[DATA — start]

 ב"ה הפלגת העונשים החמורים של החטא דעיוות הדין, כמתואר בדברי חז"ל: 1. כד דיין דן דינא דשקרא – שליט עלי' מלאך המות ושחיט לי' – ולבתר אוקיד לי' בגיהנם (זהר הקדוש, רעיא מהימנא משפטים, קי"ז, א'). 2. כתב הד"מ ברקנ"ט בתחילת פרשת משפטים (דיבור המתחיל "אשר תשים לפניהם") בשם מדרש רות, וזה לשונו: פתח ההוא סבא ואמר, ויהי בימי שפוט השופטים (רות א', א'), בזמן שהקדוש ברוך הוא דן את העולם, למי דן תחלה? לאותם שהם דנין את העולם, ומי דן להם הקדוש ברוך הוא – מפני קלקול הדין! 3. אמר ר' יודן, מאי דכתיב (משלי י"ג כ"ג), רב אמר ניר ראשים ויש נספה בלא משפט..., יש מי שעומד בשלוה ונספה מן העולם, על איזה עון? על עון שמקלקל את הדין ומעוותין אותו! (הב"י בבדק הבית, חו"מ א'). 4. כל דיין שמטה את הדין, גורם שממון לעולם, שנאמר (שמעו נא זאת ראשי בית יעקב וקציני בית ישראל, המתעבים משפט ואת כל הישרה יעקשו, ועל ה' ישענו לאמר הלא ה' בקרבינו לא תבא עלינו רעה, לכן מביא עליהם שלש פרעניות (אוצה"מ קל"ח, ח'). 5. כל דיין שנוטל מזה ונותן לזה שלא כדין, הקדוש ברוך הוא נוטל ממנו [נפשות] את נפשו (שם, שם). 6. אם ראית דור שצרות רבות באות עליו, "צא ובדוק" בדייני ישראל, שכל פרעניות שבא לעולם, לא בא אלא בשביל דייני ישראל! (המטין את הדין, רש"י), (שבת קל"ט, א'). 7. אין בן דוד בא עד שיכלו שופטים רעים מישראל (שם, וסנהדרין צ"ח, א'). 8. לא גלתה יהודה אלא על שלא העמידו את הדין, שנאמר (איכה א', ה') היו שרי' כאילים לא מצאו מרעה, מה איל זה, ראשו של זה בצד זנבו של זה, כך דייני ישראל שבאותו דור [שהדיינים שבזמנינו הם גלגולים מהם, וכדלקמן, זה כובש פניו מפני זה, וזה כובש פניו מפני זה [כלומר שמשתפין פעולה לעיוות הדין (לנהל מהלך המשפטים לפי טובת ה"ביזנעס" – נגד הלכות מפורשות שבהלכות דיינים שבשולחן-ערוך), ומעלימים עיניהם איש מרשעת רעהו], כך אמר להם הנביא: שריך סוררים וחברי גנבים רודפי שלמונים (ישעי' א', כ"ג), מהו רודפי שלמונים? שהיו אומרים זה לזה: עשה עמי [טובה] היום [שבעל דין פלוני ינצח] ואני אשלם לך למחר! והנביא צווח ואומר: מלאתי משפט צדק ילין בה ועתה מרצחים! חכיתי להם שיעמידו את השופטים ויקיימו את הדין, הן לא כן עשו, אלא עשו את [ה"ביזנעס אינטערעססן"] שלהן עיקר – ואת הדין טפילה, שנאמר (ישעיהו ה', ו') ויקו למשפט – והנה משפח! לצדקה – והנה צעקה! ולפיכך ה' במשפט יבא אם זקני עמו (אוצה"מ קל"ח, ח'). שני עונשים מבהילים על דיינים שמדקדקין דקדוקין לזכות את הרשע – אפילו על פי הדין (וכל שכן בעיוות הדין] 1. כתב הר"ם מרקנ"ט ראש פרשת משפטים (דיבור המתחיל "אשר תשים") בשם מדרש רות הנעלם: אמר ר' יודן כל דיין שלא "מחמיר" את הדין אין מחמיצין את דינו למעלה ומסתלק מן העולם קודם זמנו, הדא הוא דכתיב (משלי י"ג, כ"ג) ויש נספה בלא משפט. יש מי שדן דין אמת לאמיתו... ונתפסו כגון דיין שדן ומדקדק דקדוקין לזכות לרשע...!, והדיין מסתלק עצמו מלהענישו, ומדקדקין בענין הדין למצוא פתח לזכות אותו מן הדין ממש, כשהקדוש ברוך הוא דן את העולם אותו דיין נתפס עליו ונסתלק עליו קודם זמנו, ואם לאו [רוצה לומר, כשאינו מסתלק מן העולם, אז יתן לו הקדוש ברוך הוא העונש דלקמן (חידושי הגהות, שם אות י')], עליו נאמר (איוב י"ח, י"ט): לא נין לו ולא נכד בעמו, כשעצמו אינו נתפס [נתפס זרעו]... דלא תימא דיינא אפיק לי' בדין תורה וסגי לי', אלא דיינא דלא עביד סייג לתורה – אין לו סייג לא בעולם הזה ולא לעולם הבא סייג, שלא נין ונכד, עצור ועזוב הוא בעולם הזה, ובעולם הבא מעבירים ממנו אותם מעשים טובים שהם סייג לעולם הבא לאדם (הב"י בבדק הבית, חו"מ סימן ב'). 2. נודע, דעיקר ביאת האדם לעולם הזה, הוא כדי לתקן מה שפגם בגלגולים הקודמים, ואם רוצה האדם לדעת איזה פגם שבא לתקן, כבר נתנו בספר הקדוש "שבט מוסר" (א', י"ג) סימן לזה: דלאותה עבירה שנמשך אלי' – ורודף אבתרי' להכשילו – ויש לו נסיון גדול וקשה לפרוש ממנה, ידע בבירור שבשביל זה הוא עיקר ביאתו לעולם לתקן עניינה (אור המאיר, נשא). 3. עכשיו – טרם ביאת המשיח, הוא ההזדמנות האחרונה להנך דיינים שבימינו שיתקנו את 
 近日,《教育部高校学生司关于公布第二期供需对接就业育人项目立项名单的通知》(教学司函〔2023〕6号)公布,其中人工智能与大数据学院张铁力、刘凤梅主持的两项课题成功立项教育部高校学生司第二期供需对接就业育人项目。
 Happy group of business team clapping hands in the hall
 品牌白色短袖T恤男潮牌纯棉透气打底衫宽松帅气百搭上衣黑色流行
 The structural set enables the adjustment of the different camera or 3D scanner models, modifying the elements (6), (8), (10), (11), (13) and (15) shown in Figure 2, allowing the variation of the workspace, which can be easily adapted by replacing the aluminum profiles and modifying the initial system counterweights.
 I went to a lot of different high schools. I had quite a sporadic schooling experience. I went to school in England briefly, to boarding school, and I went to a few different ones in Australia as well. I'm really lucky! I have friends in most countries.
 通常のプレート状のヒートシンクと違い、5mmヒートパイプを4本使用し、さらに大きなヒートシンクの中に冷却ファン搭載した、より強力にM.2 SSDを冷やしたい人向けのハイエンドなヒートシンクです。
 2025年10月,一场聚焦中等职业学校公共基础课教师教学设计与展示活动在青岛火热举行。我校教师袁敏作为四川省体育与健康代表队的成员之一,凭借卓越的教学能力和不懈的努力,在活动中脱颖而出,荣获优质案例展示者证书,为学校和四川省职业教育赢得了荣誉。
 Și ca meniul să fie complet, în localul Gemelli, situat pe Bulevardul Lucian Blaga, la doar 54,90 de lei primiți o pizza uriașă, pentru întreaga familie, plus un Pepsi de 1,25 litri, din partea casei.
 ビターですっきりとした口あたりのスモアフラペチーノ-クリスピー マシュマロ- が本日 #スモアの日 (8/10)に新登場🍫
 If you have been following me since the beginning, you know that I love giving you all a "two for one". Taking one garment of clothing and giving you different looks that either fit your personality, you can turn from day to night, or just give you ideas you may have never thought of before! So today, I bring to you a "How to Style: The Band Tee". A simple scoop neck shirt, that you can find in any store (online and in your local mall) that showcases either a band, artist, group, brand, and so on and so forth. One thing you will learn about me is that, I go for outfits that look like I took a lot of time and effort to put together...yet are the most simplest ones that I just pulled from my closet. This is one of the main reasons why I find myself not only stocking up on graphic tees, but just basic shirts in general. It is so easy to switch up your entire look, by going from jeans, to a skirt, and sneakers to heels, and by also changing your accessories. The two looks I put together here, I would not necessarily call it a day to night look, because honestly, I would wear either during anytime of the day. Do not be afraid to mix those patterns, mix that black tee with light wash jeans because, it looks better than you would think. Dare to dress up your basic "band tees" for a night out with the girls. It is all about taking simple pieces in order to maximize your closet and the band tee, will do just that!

[DATA — finish]

▸ **WHAT IS BEING ASKED**
From the entries above, copy each line holding "group".

▸ **TASK ANSWER**
 Happy group of business team clapping hands in the hall
 If you have been following me since the beginning, you know that I love giving you all a "two for one". Taking one garment of clothing and giving you different looks that either fit your personality, you can turn from day to night, or just give you ideas you may have never thought of before! So today, I bring to you a "How to Style: The Band Tee". A simple scoop neck shirt, that you can find in any store (online and in your local mall) that showcases either a band, artist, group, brand, and so on and so forth. One thing you will learn about me is that, I go for outfits that look like I took a lot of time and effort to put together...yet are the most simplest ones that I just pulled from my closet. This is one of the main reasons why I find myself not only stocking up on graphic tees, but just basic shirts in general. It is so easy to switch up your entire look, by going from jeans, to a skirt, and sneakers to heels, and by also changing your accessories. The two looks I put together here, I would not necessarily call it a day to night look, because honestly, I would wear either during anytime of the day. Do not be afraid to mix those patterns, mix that black tee with light wash jeans because, it looks better than you would think. Dare to dress up your basic "band tees" for a night out with the girls. It is all about taking simple pieces in order to maximize your closet and the band tee, will do just that!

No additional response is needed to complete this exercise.